Другое дело, что творческое вдохновение не особенно часто ее посещало.
Альма повесила шляпу на стойку, развесила плащ, чтобы он подсох. Студия была комфортабельная, все тут было приспособлено для работы. Кроме мебели из дерева здесь имелась большая железная плита. Повсюду стояли пальмы и цветы.
Включив несколько ламп, Альма неторопливо обошла Женщину-Первопроходца, внимательно рассматривая почти совсем законченную фигуру. Она несколько раз огладила рукой мраморную поверхность, проверяя отделку. Так, оглаживая мраморную фигуру, она сделала уже почти полный круг, как вдруг почувствовала у себя на талии чью-то ладонь.
— Ой!
— Альма.
Она почувствовала, как чьи-то руки обняли ее за талию, грубая щека мужчины прижалась к ее нежной коже, и Альма сразу ощутила тот самый запах лосьона после бритья, который она обожала.
— Джимми! Ты до смерти испугал меня, черт тебя побери! — Она обернулась, оказавшись лицом к лицу с Джимми Лопесом. Затем улыбнулась ему. — Но какой же это приятный сюрприз, — прошептала она.

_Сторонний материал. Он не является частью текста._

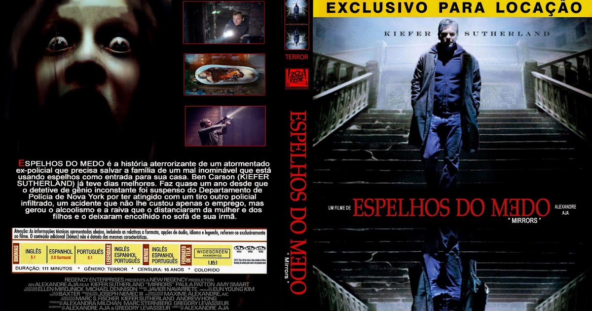 Espelhos do Medo. Kiefer Sutherland (da série 24 Horas) fica frente a frente com uma das mais malignas forças do mal neste chocante suspense do diretor de Viagem Maldita. Durante um sincero esforço para colocar sua vida nos eixos, um ex-policial (Sutherland) arruma um emprego de segurança das ruínas incendiadas da anteriormente famosa loja.
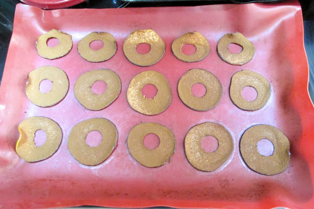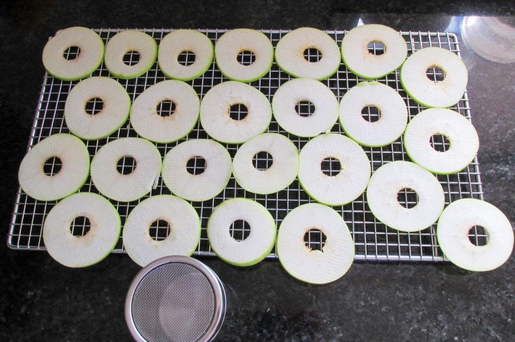 - Spread the apple slices on the baking trays, making sure you have no overlapping edges.

Джимми стал целовать ее, и с каждым поцелуем ногти Альмы все сильнее вонзались ему в спину.
Он был абсолютно голый.
— Ну и как поживает самый хорошенький в мире ребеночек, а? — спросил Кертис Коллингвуд, беря на руки своего двухлетнего сына Джоэла и шутливо шлепая его, когда мальчик ухватил прядь черных густых отцовских волос.
— Паппи, — пролепетал круглолицый светловолосый человечек.
— Опять, неслось, обделал свою няню, да, Мэри? — обратился он к кормилице, стоявшей тут же.
— Нет, газики у него уже отошли, слава Богу.
— Кажется, он мокрый.
— Святые Иосиф и Мария, ведь какой-то час назад переменила ему. Ну-ка, иди ко мне, мой маленький, мой сладенький, иди ко мне…
— Спасибо, Мэри. Спокойной тебе ночи, разбойник!
Обожающий отец поцеловал сына, затем передал его Мэри и вышел из детской. Кертис был сейчас в черном галстуке и вечернем костюме; ему не терпелось отправиться на вечеринку. Он очень хорошо понимал, что убийство Карла Кляйна могло привести к наихудшему скандалу, который когда-либо доводилось переживать семейству Коллингвудов со времени похищения Стар Коллингвуд на Ноб-Хилл почти тридцать лет назад.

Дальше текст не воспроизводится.